▶ _Exercise inputs_
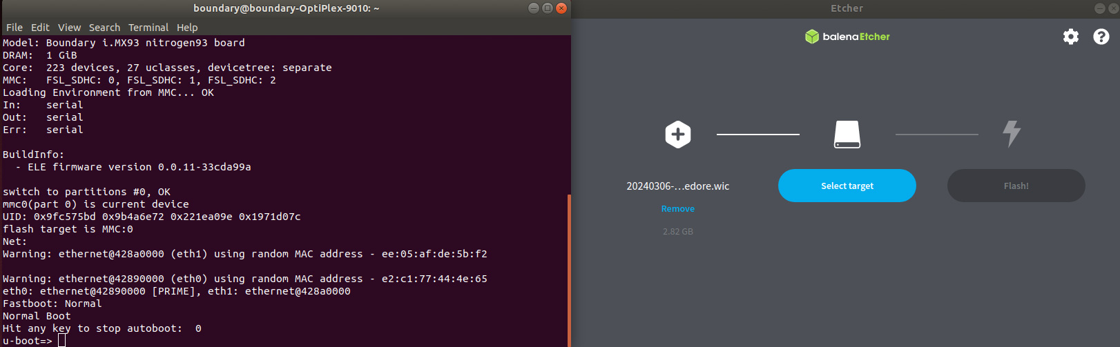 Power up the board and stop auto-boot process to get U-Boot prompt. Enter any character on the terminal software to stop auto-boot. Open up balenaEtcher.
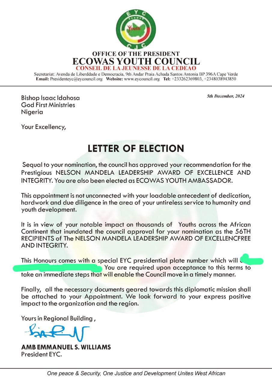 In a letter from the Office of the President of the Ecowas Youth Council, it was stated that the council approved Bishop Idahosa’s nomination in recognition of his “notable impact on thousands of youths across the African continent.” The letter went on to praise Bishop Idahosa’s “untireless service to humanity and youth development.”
* * *
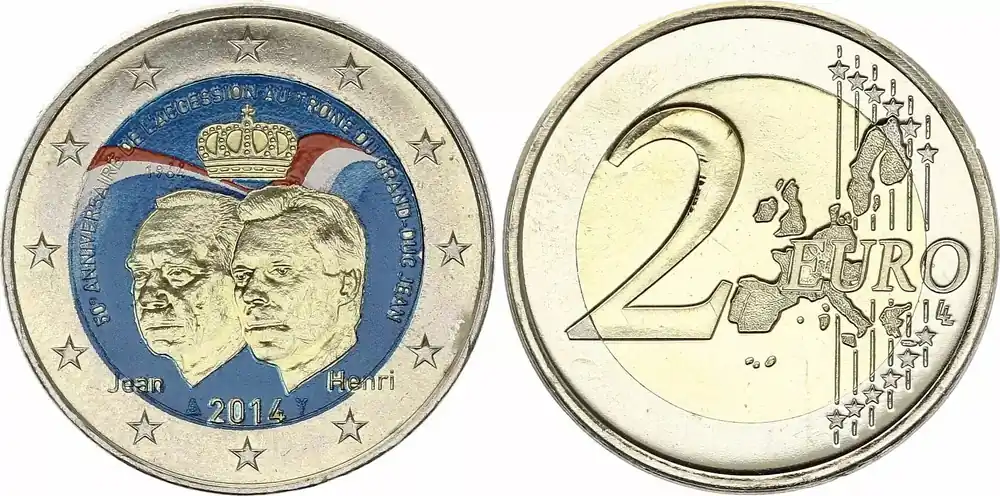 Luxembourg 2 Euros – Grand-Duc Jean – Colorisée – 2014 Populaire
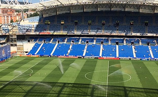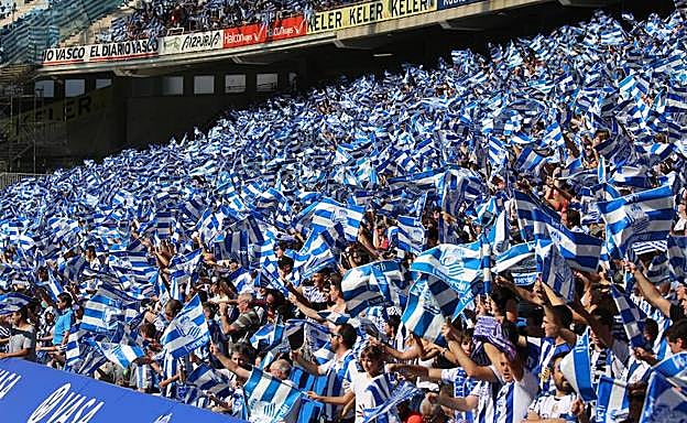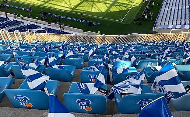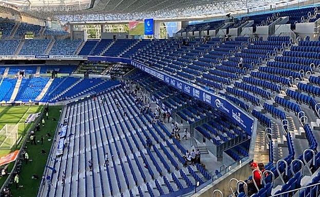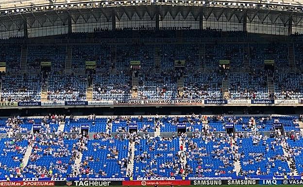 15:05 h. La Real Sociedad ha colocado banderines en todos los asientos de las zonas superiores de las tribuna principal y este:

▶ _Instructions for the task_
Would you output only the span of the records above that opens with the line containing "Power up the" and closes with the line containing "In a letter", ends included and pictures dropped?

▶ _Result of the exercise_
 Power up the board and stop auto-boot process to get U-Boot prompt. Enter any character on the terminal software to stop auto-boot. Open up balenaEtcher.
 In a letter from the Office of the President of the Ecowas Youth Council, it was stated that the council approved Bishop Idahosa’s nomination in recognition of his “notable impact on thousands of youths across the African continent.” The letter went on to praise Bishop Idahosa’s “untireless service to humanity and youth development.”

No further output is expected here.